Deep frying requires a deep fryer or other devices in which the chicken pieces can be completely submerged in hot fat. The process of deep frying is placing food fully in oil and then cooking it at a very high temperature. The pieces are prepared as described above. The fat is heated in the deep fryer to the desired temperature. The pieces are added to the fat and a constant temperature is maintained throughout the cooking process.
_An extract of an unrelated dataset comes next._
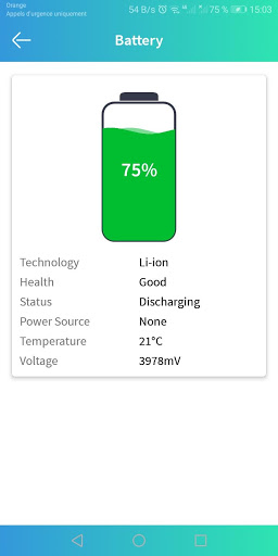 배터리 : 전류 수준의 배터리, 건강, 상태, 전원, 온도, 전압 등을 표시합니다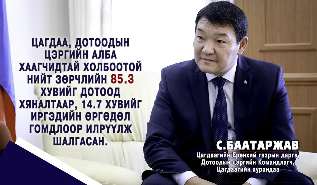 Цаашид дотоодын цэргийн үйл ажиллагааг өргөтгөх, зарим аймаг, сумдын цэвэр усны байгууламж, дулааны цахилгаан станцууд болон улс орны эдийн засгийн гол тулгуур болох стратегийн ач холбогдол бүхий ашигт малтмалын орд, томоохон байгууламжийг дотоодын цэргийн төсөвт болон гэрээт хамгаалалтад шилжүүлэхээр ажиллаж байна.

A pressure cooker can be used to accelerate the process. The moisture inside the chicken becomes steam and increases the pressure in the cooker, such that lowering the cooking temperature is needed. The steam also cooks the chicken through, but still allows the pieces to be moist and tender while maintaining a crisp coating. Fat is heated in a pressure cooker. Chicken pieces are prepared as described above and then placed in the hot fat. The lid is placed on the pressure cooker, and the chicken pieces are thus fried under pressure. The original recipe used by the KFC franchise used this method, which was marketed as "broasting" by the Broaster Company.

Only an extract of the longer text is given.